In the face of massive U.S. debt sales that seem to be flying under the dollar radar at the moment, and on days that equities are sold and Treasury notes bought, the dollar is holding ground well in regard to fair market value it seems. The economics are poor, but no worse than elsewhere, the outlook is benign, but where is there a strong economic outlook, and the markets are absorbing massive amounts of debt in the form of new Treasury notes; and yet the Usd is still holding onto support at 84.00 on the dollar index.
The pound, aussie and cad tried hard to break the dollar buyer’s resolve, but seemed to be impeded by the oil markets moves lower on the NYMEX, and equities leaking points on Wall Street. The Swiss franc and euro came under fire initially, and the Japanese yen came out as the clear winner on a day of mixed trading moves.

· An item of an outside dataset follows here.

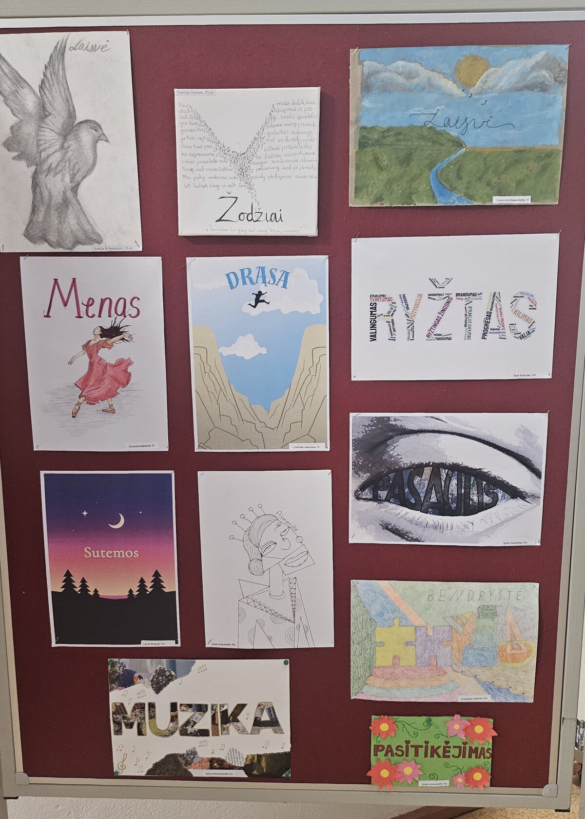 „Vaivorykštės“ gimnazijos lietuvių kalbos ir literatūros mokytojai kartu su savo mokiniais taip pat noriai vykdė įvairias veiklas: akciją „Rašyk žinutes tik lietuviškomis raidėmis“, kūrybines dirbtuves „Komplimentai“, dalyvauta viktorinoje „Ar žinai?“, meninio žodžio konkurse-šventėje. Šiandien lietuvių kalbos ir literatūros mokytojos Nerija Valinčienė ir Zofija Vaitkuvienė kviečia prie aktų salės aplankyti gimnazistų kūrybinių darbų parodą „Žodis, kuris mane įkvepia“. Mokiniai įvairiomis technikomis laisvalaikiu vizualizavo jiems reikšmingą žodį.
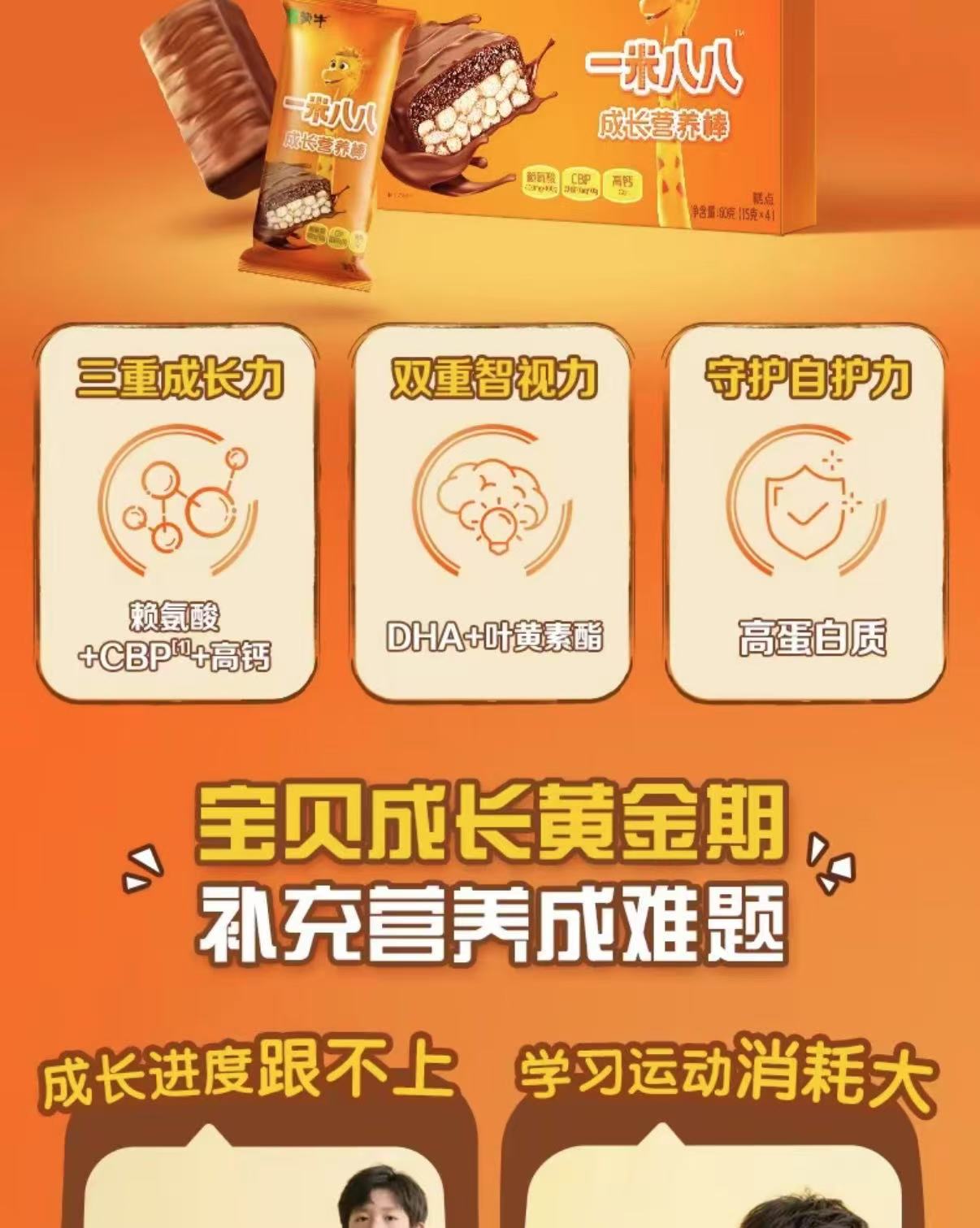 蒙牛一米八八成长营养棒高钙高蛋白DHA青少年儿童休闲零食

In reality the only currency that could withstand the fundamental pressure to de-value is the dollar, and it is testimony to the resolve of the most widely used reserve currency that it can hold current levels. That may all change however once the next round of equity buying starts; the dollar index is sitting on support at 84.00, but if it fails the 82.00 areas looks to come into view very quickly. The mighty dollar needs to hold, and then move higher if it is not to suffer a technical drop lower that may be hard to recover from with the Fed doing all that it can to get the greenback de-valued.
Asian markets may hold the key for initial break-out areas, one way or the other, and the fact that European markets held in the green may just nudge things down to test near-term support.